[THE DATA]:
______
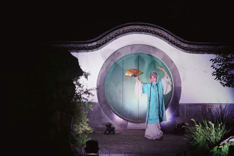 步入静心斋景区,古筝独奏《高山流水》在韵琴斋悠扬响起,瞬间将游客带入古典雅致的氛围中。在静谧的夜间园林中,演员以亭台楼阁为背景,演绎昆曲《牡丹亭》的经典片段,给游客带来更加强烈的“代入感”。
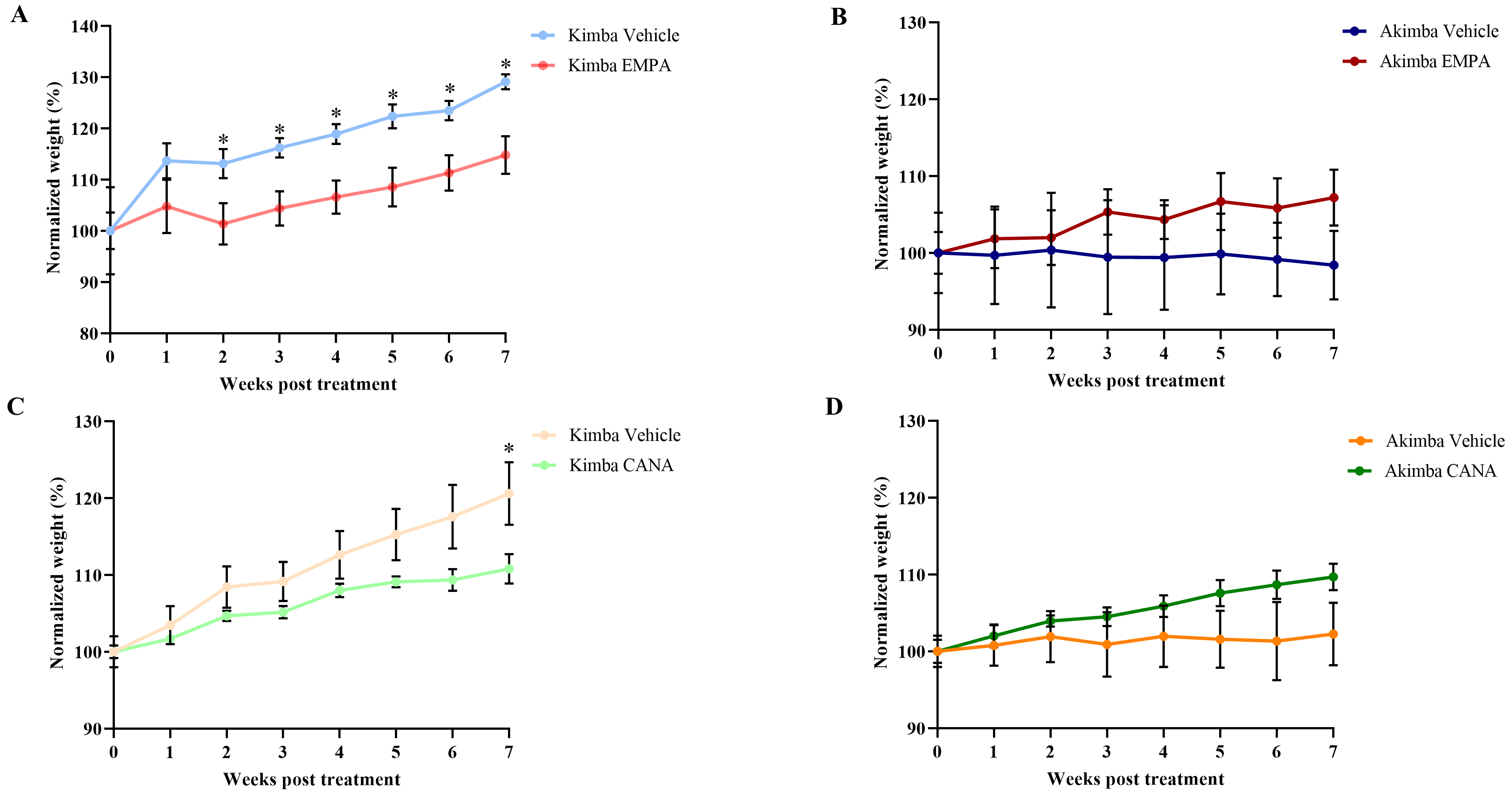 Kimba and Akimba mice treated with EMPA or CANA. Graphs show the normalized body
______
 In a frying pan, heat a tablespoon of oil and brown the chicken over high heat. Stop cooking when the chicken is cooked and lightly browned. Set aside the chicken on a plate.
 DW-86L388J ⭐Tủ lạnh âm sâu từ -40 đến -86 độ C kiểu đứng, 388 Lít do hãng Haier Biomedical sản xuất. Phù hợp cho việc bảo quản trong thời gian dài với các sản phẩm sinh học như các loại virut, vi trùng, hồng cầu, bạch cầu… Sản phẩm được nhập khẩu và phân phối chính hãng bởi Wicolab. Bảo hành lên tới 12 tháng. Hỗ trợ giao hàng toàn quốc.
______
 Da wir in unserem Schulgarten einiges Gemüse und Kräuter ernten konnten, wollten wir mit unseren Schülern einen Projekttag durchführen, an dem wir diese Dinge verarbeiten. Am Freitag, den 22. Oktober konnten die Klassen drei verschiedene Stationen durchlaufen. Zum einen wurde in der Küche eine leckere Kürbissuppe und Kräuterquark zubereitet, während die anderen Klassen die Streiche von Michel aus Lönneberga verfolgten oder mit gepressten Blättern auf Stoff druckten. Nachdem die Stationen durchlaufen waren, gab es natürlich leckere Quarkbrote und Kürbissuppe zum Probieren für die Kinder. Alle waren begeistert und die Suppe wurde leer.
______
Write out, word for word, the stretch of entries that begins at the line with "步入静心斋景区,古筝独奏《高" and ends at the line with "Kimba and Akimba". Pictures do not belong in it.

[SOLUTION TO THIS PROBLEM]:
 步入静心斋景区,古筝独奏《高山流水》在韵琴斋悠扬响起,瞬间将游客带入古典雅致的氛围中。在静谧的夜间园林中,演员以亭台楼阁为背景,演绎昆曲《牡丹亭》的经典片段,给游客带来更加强烈的“代入感”。
 Kimba and Akimba mice treated with EMPA or CANA. Graphs show the normalized body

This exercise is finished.